Responses to first member story:


Keep rules fluid:

"In our house we celebrate both Xmas and Chanukah, and on Christmas my daughter gets gifts both from Santa and from other people. At 8, she still has not questioned this mixed presenting. I say make it easier on yourself by keeping the “rules” fluid!"


Happy holidays of all kinds:

Christmas is a powerful cultural magnet in our society, and I think most Jews' self-identification as Jews involves non-celebration of Christmas, at least on some level, so this is may be an inherently emotional issue for your mother-in-law.  I won't address the correctness or incorrectness of  her behavior, but the motivation may be that she has been making an effort to go along as good-naturedly as possible with the Christmas celebration, but having her own presents transformed into Christmas gifts from Santa may rankle.

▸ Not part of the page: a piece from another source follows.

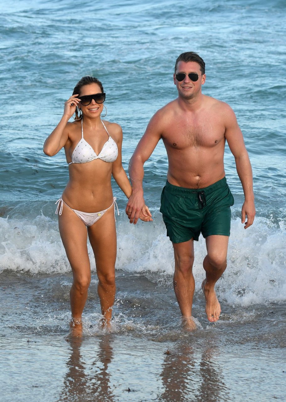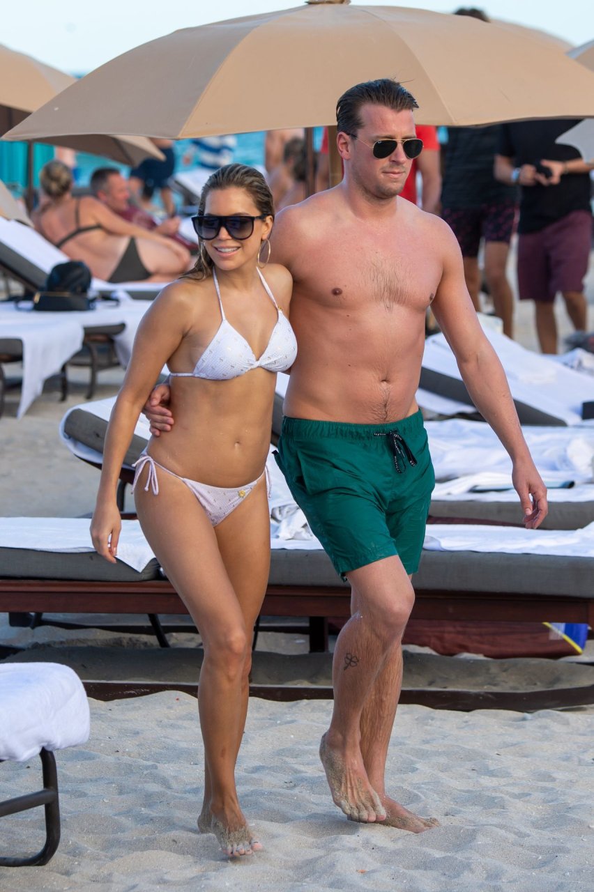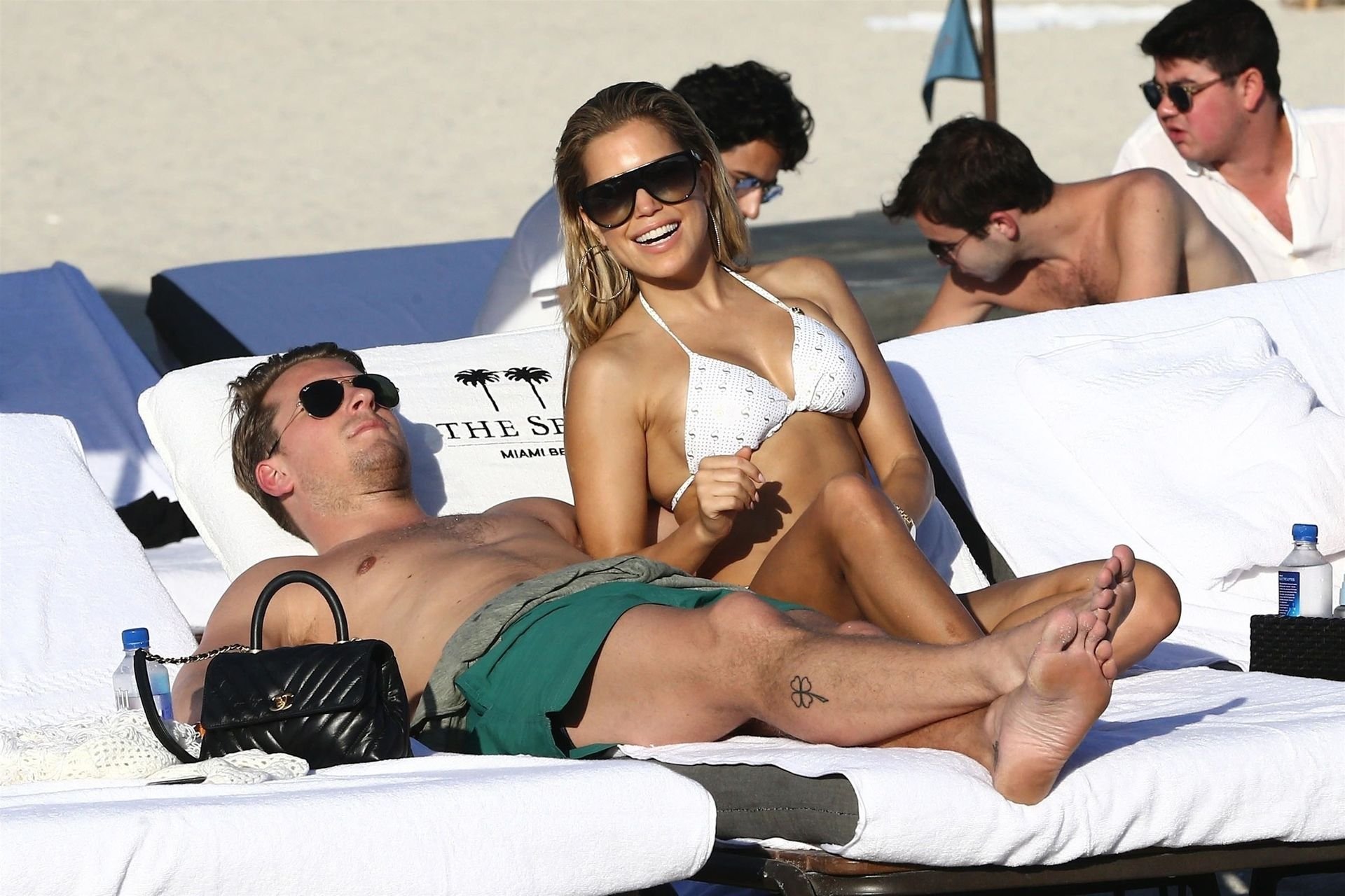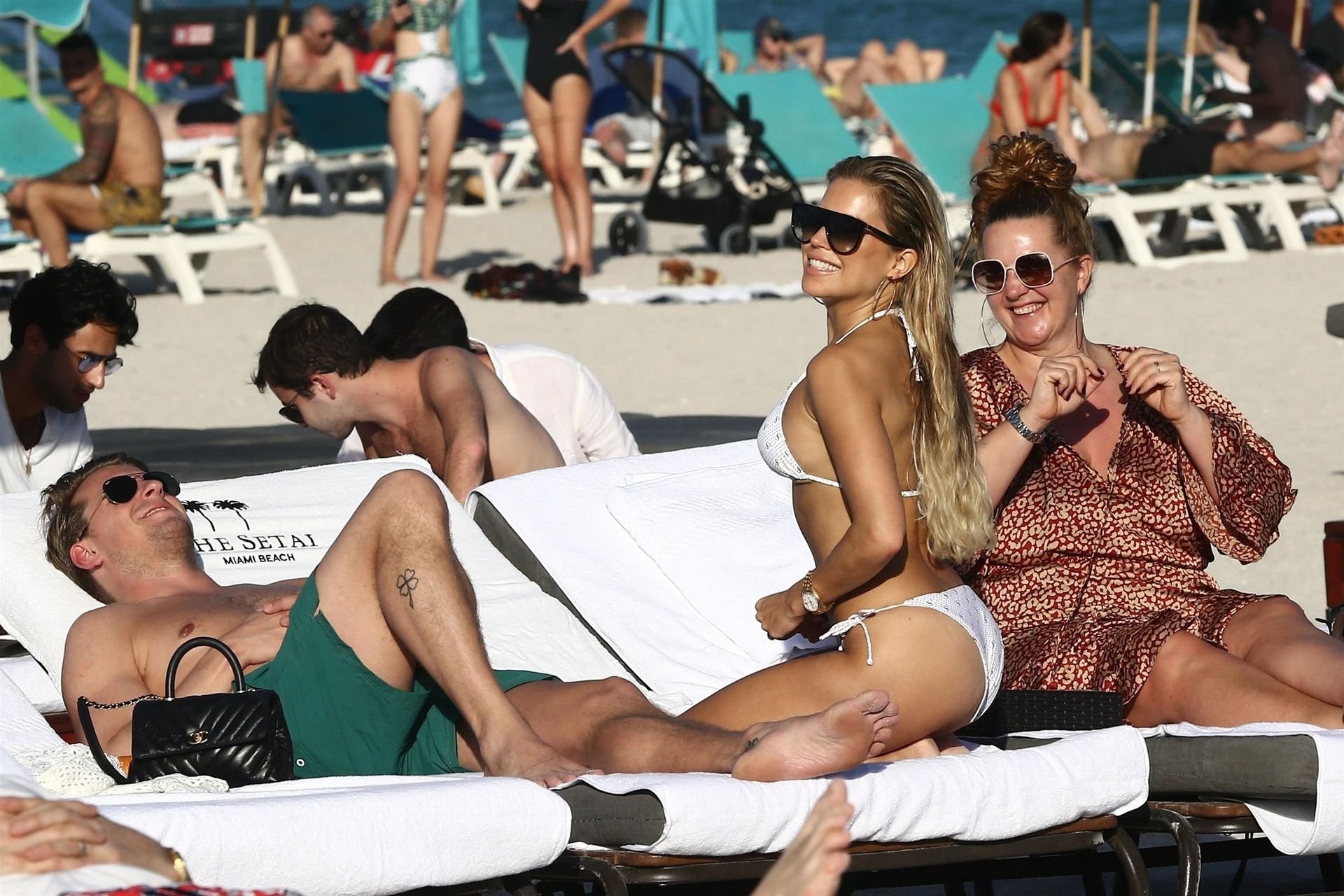Sylvie Meis usa um biquíni branco revelador enquanto envolve suas pernas ao redor do namorado Bart Willemsen durante uma sessão de maquiagem quente na praia em Miami no Dia de Ano Novo, 01/01/2019.
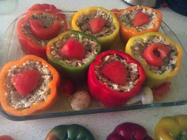 Nagrzewamy piekarnik do 180 st. góra/dół. Wstawiamy papryki. Po pół godzinie przykrywamy (może być folią aluminiową) i dusimy kolejne pół godziny.

For your part, it appears that you feel all presents your son receives around this time must come from Santa.  I wonder if you might reconsider that.  Why not have your mother-in-law give your son presents at Chanukah (or Thanksgiving) while preserving the presents-from-Santa ritual for the others.  If they are given at different times under different circumstances there need be no confusion (and 2 or 3 weeks is an eternity to a 3-year-old).  You can tell him the simple truth-- that his grandmother celebrates Chanukah and gives him a special present as part of that, while the rest of you celebrate Christmas and open up presents from Santa under the tree.   He'll just be happy to get as many presents as he can, and if this is presented matter-of-factly it shouldn't present an invidious situation.  Children are more affected by feeling deprived of something they've always had, or having things changed around.   IE, a talking dog isn't unsettling if that dog has always talked-- and a grandmother who gives a present at Chanukah, but doesn't open up presents by the Christmas tree, isn't unsettling if that's just the way the world has always worked.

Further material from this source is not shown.